Nor is it sustainable to continue feeding animals the ground up remains of other animals, as the bse crisis demonstrated. Which is why the practice is illegal in Europe.
The genetic engineers think they can create new super pigs and super sheep and super salmon which will solve some of these problems, but aside from the ethics of what they are doing to animals, it is doubtful that these laboratory created animals will be healthy or sustainable. Already reports coming in from Ruakura suggest that clones of dolly, the sheep, are abnormal, 8 times more likely to die prematurely, may not be able to graze in the paddock, and has serious health and other problems which raise questions about whether these animals lives should be sustained.
Like the factory farmers of yesteryear the genetic engineers are doing their experiments in secret, obsessed with the idea that anything that makes animals more productive and therefore more profitable, is acceptable, with no apparent concern, apparently, for how the animals, or consumer will feel about the new life forms they create.
I am particularly disturbed by the trend of the crown research institute Agresearch into genetic engineering and cloning of cows and sheep, producing unnatural animals which are treated like machines, some of this research is classed officially as laboratory work which needs no public input before behind the scenes official approval, and it is continuing without public scrutiny and debate.
Examples include work at Ruakura near Hamilton to add human and other genes to dairy cows.

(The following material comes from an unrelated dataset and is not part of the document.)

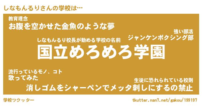 | 男性向けラノベタイトル風あだ名 | 『しなもんるりの憂鬱』 |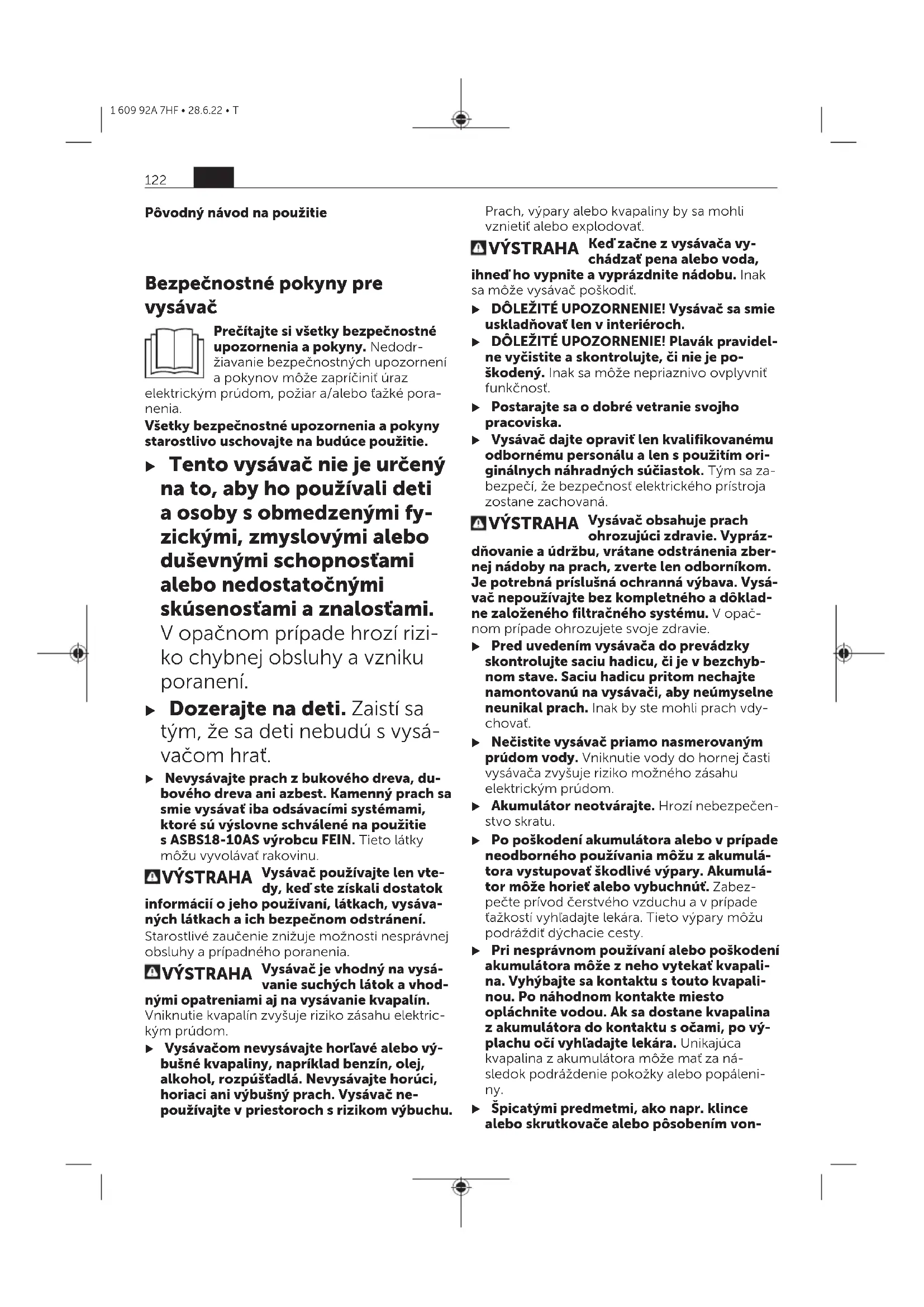 MontážSlovenčina u Odstráňte akumulátor predtým, než budete vysávač čistiť alebo vykonávať jeho údržbu, vykonávať nastavenia zariadenia, meniť časti príslušenstva alebo pred skladovaním vysávača. Toto preventívne opatrenie za- braňuje neúmyselnému spusteniu vysávača. Nabíjanie akumulátorovSlovenčina u Používajte len nabíjačky uvedené vtech- nických údajoch. Len tieto nabíjačky sú pris- 124 sk 1 609 92A 7HF • 28.6.22 • Tpôsobené na lítiovo-iónový akumulátor použí- vaný vo vašom vysávači. Upozornenie: Lítiovo-iónové akumulátory sa na základe medzinárodných dopravných predpisov dodávajú čiastočne nabité. Aby ste zaručili plný výkon akumulátora, pred prvým použitím ho úpl- ne nabite. u Po automatickom vypnutí vysávača už ďalej nestláčajte tlačidlo vypínača. Akumulátor sa môže poškodiť. Výrazne skrátená výdrž akumulátora po nabití signalizuje, že akumulátor je opotrebovaný atreba ho vymeniť za nový. Dodržiavajte upozornenia týkajúce sa likvidácie. Indikácia stavu nabitia akumulátoraSlovenčina Pri vloženom akumulátore môžete stav nabitia zistiť na indikácii stavu nabitia akumulátora(4) vysávača. Ak je akumulátor vybratý, na samot- nom akumulátore. Indikácia stavu nabitia akumulátora na vysávačiSlovenčina Po zapnutí vysávača sa jednotlivo rozsvieti, stú- pajúc aklesajúc, 5 zelených LED kontroliek indi- kácie stavu nabitia akumulátora(4). Potom LED kontrolky zobrazujú stav nabitia akumulátora(19). Indikácia stavu nabitia akumulátora na akumulátoreSlovenčina Keď sa vyberie akumulátor zvysávača, stav nabi- tia sa môže zobraziť zelenými LED indikáciami stavu nabitia na akumulátore. Stlačte tlačidlo pre indikáciu stavu nabitia alebo , aby sa zobrazil stav nabitia. Ak po stlačení tlačidla indikácie stavu nabitia ne- svieti žiadna LED kontrolka, akumulátor je chyb- ný amusí sa vymeniť. Typ akumulátora GBA 18V...Slovenčina LED kontrolky Kapacita Neprerušované svetlo 3× zelená 60−100% Neprerušované svetlo 2× zelená 30−60% Neprerušované svetlo 1× ze- lená 5−30% Blikanie 1× zelená 0−5% Typ akumulátora ProCORE18V...Slovenčina LED kontrolky Kapacita Neprerušované svetlo 5× zelených 80–100 % Neprerušované svetlo 4× zelené 60–80 % Neprerušované svetlo 3× zelené 40–60 % Neprerušované svetlo 2× zelené 20–40 % Neprerušované svetlo 1× ze- lená 5–20 % Blikanie 1× zelená 0–5 % Vkladanie avyberanie akumulátora (pozri obrázkyA1−A2)Slovenčina u Pri vkladaní akumulátora nepoužívajte ne- primeranú silu. Akumulátor je skonštruovaný tak, aby sa dal vsunúť do produktu len vsprávnej polohe. u Priehradku na akumulátor ašachtu na akumu- látor udržiavajte vždy včistote, aby ste mohli pracovať kvalitne abezpečne. – Stlačte odblokovacie tlačidlo (10) na otvorenie veka priehradky na akumulátor (11). – Zasúvajte akumulátor (19) do šachty na aku- mulátor (18), kým sa počuteľne nezaistí. – Na vybratie akumulátora (19) stlačte od- blokovacie tlačidlo (20) na akumulátore avy- berte akumulátor zo šachty (18). – Zatvorte veko priehradky na akumulátor (11). Montáž držiaka sacieho príslušenstva (pozriobrázokB)Slovenčina – Zasuňte držiak (21) pre saciu hadicu aštrbi- novú dýzu zhora do určeného uchytenia (9) tak, aby zapadol. – Zasuňte držiak (23) pre saciu hadicu apodla- hovú dýzu zhora do určeného uchytenia (7) autiahnite upevňovaciu skrutku (22). Montáž sacej hadice (pozri obrázok C)Slovenčina – Vsuňte saciu hadicu (12) do uchytenia hadice (8) tak, aby obidva stláčacie gombíky (24) sa- cej hadice zapadli. Upozornenie: Pri vysávaní vzniká trením prachu vsacej hadici apríslušenstve elektrostatický náboj, ktorý môže používateľ pocítiť vo forme statického výboja (vzávislosti od vplyvov okolia atelesného vnímania). sk 125 1 609 92A 7HF • 28.6.22 • TMontáž príslušenstva pre vysávanieSlovenčina Sacia hadica (12) je vybavená západkovým systé- mom, ktorým sa dá pripojiť príslušenstvo vysáva- ča (odsávací adaptér (13), ohnutá dýza (14)). Montáž odsávacieho adaptéra alebo ohnutej dýzy (pozriobrázokD)Slovenčina – Nasuňte odsávací adaptér (13) alebo ohnutú dýzu (14) na saciu hadicu (12) tak, aby obidva stláčacie gombíky (24) sacej hadice počuteľne zapadli. – Pri demontáži stlačte stláčacie gombíky (24) dovnútra ajednotlivé časti od seba odtiahnite. Montáž dýz arúrSlovenčina – Vprípade potreby zasuňte sacie rúry (17) pev- ne do seba apotom nasuňte na ohnutú dýzu (14). – Nasuňte podlahovú dýzu (16) alebo štrbinovú dýzu (15) pevne na saciu rúru (17) alebo ohnutú dýzu (14). Montáž vodiacich valčekov (pozriobrázokE)Slovenčina Zasúvajte 4 upevňovacie kolíky vodiacich valčekov(25) do uchytení vodiacich valčekov(26), kým sa počuteľne nezaistia. Môžete použiť aj iné vodiace valčeky podľa nor- my EN12529 (priemer upevňovacieho kolíka 11mm). u Pred použitím vysávača skontrolujte funkč- nosť valčekových bŕzd. PrevádzkaSlovenčina u Odstráňte akumulátor predtým, než budete vysávač čistiť alebo vykonávať jeho údržbu, vykonávať nastavenia zariadenia, meniť časti príslušenstva alebo pred skladovaním vysávača. Toto preventívne opatrenie za- braňuje neúmyselnému spusteniu vysávača. u Aby ste zabránili nebezpečenstvu zakopnu- tia, dbajte vždy na to, aby bolo pracovné prostredie čisté aupratané. Uvedenie do prevádzkySlovenčina u Vysávač sa nesmie nikdy používať bez fil- tra. u Používajte len nepoškodený filter (bez trh- lín, dier apod.). Poškodený filter okamžite vymeňte. u Pred vysávaním sa uistite, že je filtračná jednotka pevne namontovaná. u Pred vysávaním sa uistite, že je veko prieh- radky na akumulátor bezpečne zatvorené. u Informujte sa opredpisoch/zákonoch

According to written details of the research, scientists work on young calves aged six to nine months to induce lactation well before the calves are naturally ready for this. The government scientists also take out and insert various embryos and fetuses, including in very young animals. Scientists continually operate to obtain skin and other body samples.

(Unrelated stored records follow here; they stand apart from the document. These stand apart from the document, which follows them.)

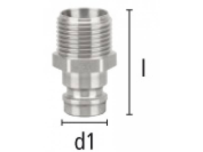 Wtyk szybkozłączki z gwintem zewnętrznym, wykonany ze stali szlachetnej z uszczelnieniem z Vitonu.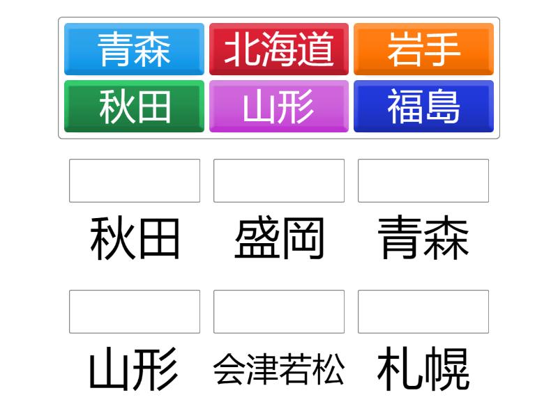 北海道 - 札幌, 青森 - 青森, 岩手 - 盛岡, 秋田 - 秋田, 山形 - 山形, 福島 - 会津若松,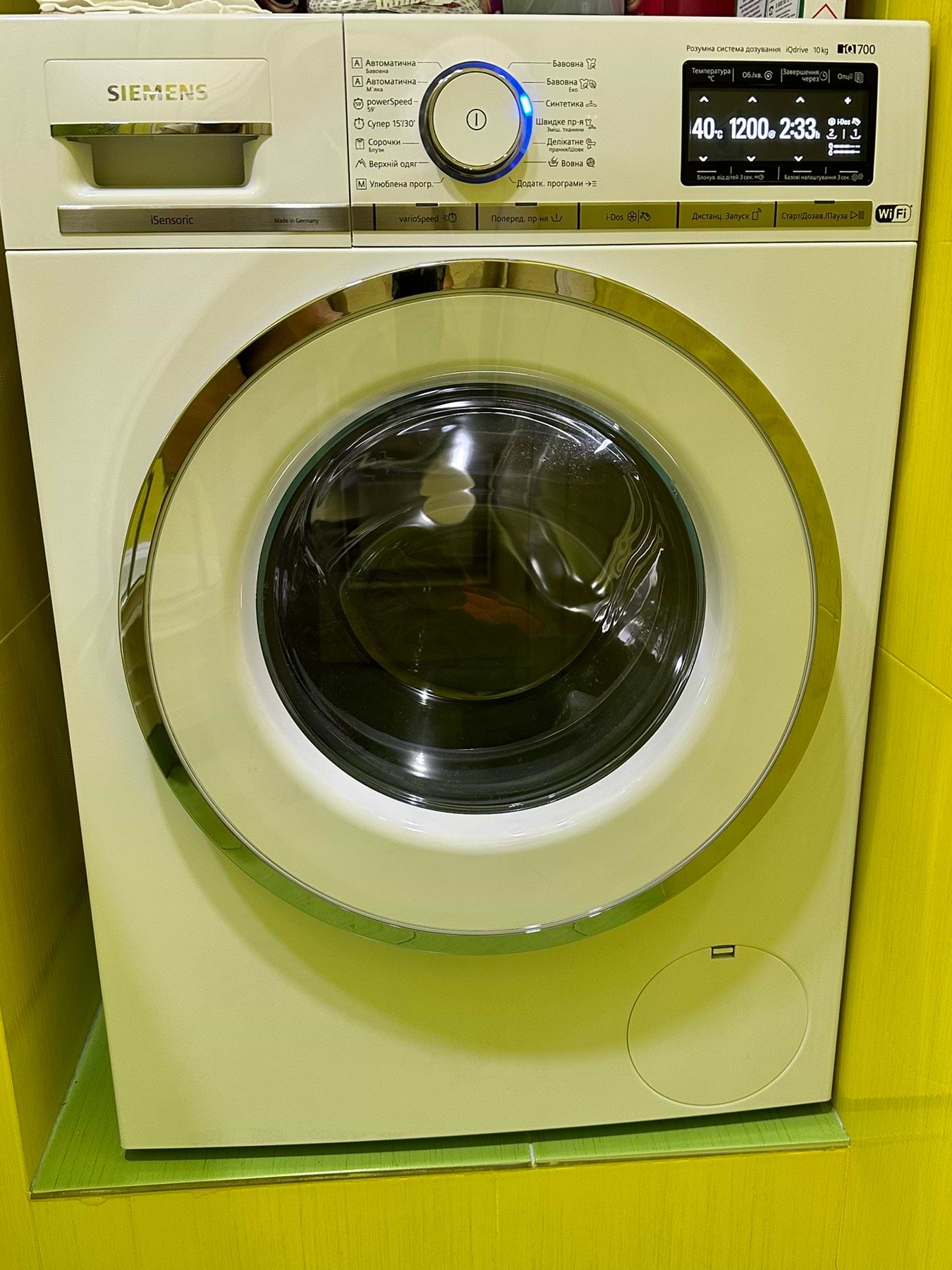 Минуло 2 тижні, з програмами розібралися, реально класний апарат. Велика перевага у тому, що інтелект скорочує час роботи в залежності від об'єму білизни, якість прання суттєво відрізняється від попередньої пральної машини. Поки що не змогла підібрати сушарку такого ж класу. Питання до siemens.bsh-group, коли знову з'являться в Україні сушарки IQ 700 SIEMENS WT47XEH1OE? Чому зараз немає постачання в Україну якісних товарів? Чому знову тільки везуть сірий імпорт, на який не буде гарантійного обслуговування?
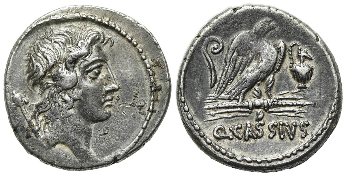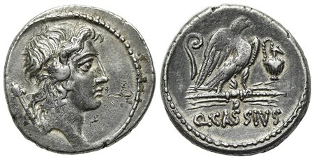 Q. Cassius Longinus, Denarius, Rome, 55 BC. AR (g 3,54; mm 19; h 6). Head of Bonus Eventus (or Genius Populi Romani?) r.; sceptre behind, Rv. Eagle standing r. on thunderbolt; lituus to l., capis to r.; Q•CASSIVS below. Crawford 4

Scientists in recent years created deformed mice by taking out whole gene sequences. Some of these mice are barely alive, with loss of liver functions, walking difficulties, no hair, failed immune systems, and failed pregnancies. The scientists have been talking about similar knock out gene sequences in sheep and cattle and are likely to have produced these animals already in secret.

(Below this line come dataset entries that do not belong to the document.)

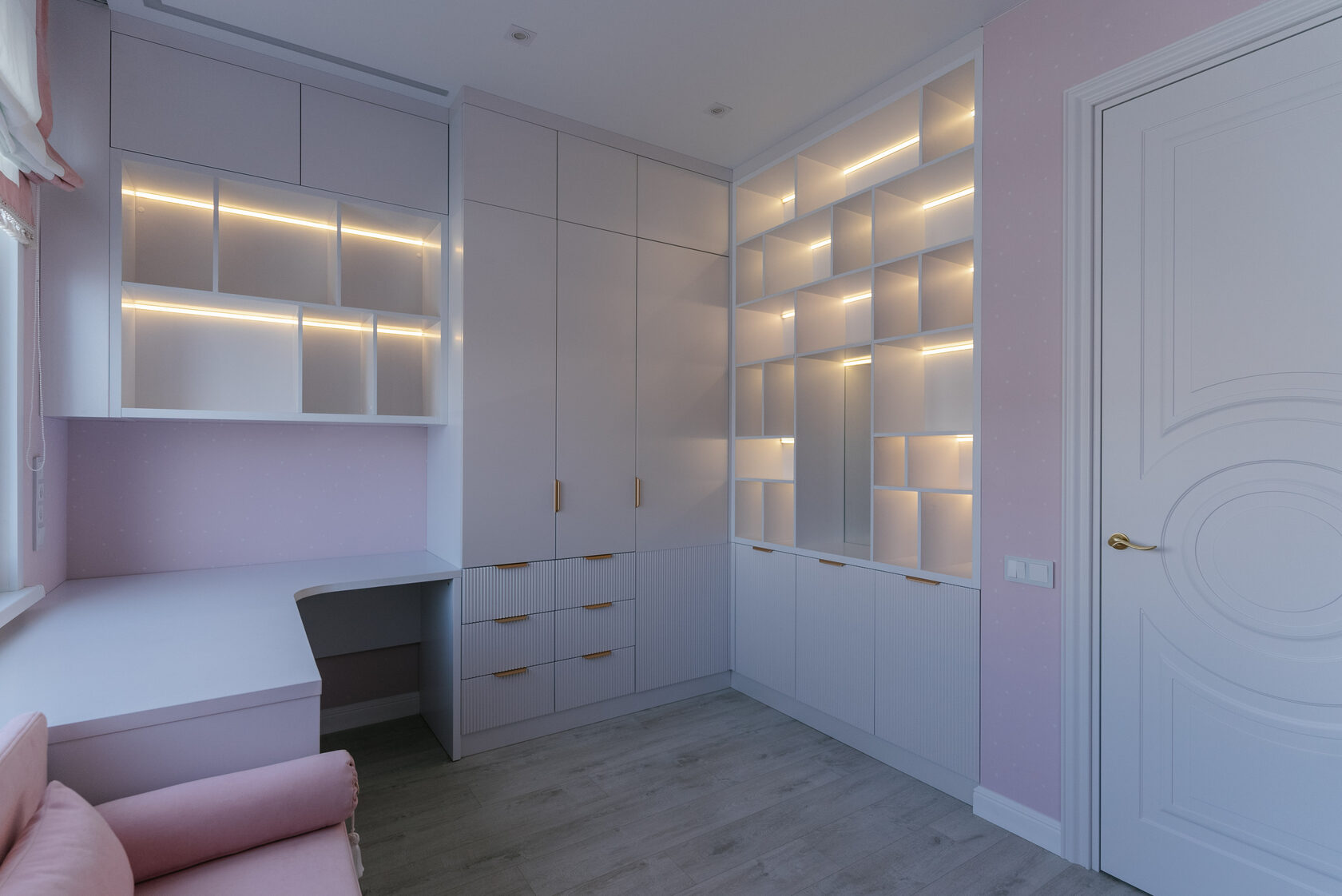 Этот угловой шкаф был выполнен по индивидуальному заказу с одной ключевой задачей — максимально точно сохранить визуал дизайн-проекта. Благодаря вниманию к деталям и точной проработке пропорций мебель выглядит так, будто она изначально была частью пространства. Нежная пастельная палитра, аккуратные фасады без лишних акцентов и продуманное сочетание закрытых секций с открытыми нишами создают лёгкую, воздушную композицию. Шкаф объединяет в себе системы хранения для одежды, учебной зоны и декоративных элементов — всё размещено так, чтобы поддерживать идеальный порядок и не перегружать интерьер.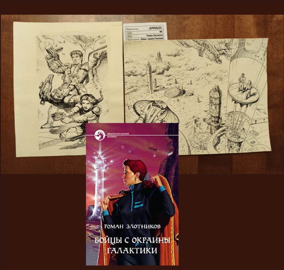 Состояние: близкое к отличному Полный комплект книги. Оригиналы рисунков - 3 шт.: Цветная обложка - разворот(А3 30х40), Черно-белые(А4) - Фронтиспис, Форзац. / Книжная серия «Фантастический боевик» основана в 1992 году. Это самая популярная и обширная по количеству томов отечественна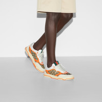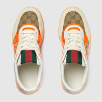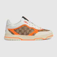 Inspired by the summer spirit and beach clubs on the Italian coast, this item is part of Gucci Lido. The first sneakers envisioned by Sabato De Sarno for the House, the Re-Web sees Gucci’s heritage stripes as a bold detail on a contemporary silhouette. This pair is crafted from the iconic Original GG canvas and white leather. Defined by multiple iconic details, this new sneaker takes center stage with the bold green and red Web tongue and bright orange leather trim. - Beige and ebony Original GG canvas - Men's - Bright orange leather trim, treated with a specific process to make it soft and shiny, while the grainy texture is given by embossing - Gucci script and Interlocking G Web tag - Rubber outsole with Interlocking G and Gucci script logo - Interlocking G details on the eyelets - Tongue with Web - Additional pair of laces included - Lace-up closure - Low heel - 1.3" height - Made in Italy - These shoes run big, we recommend sizing down half a size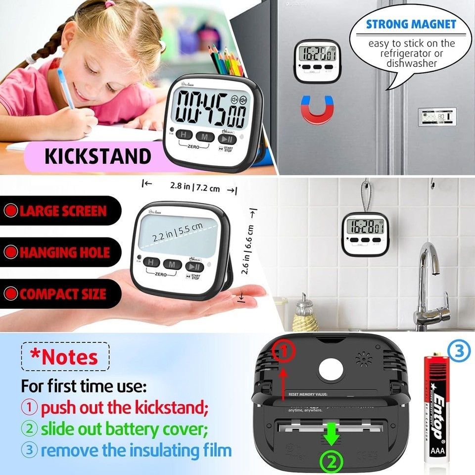 The strong magnet, durable kickstand and hanging hole makes the cooking timer is convenient to be placed everywhere. The compact design with large LCD display is easy to operated for kids and the elderly. [ *** Open the kickstand and unwrap the battery film before using. ]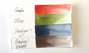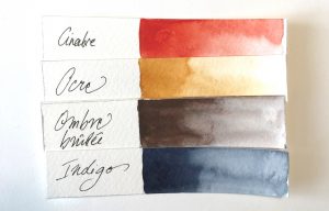 Le point de départ, c’est de connaître vos couleurs : celle qui sort de vos tubes ou godets, pas celle que vous voyez dans un livre ou sur un écran. Il est important que vous fassiez vous-mêmes vos nuanciers, car la couleur réagit en fonction du support que vous utilisez. De plus, les nuanciers des marques, qu’ils soient à l’écran ou imprimés, ne restituent jamais la réalité d’une couleur.

An Agresearch report in 1997 about a particular 'knocked out' gene sequence regulating muscle growth said this New Zealand discovery had opened the flood gates for work on sheep to greatly boost the amount of muscle. The green party has had an anonymous message from Ruakura staff saying staff have been sworn to secrecy about GE sheep which have ongoing problems retaining bodily fluids and which the messenger says should not be kept alive.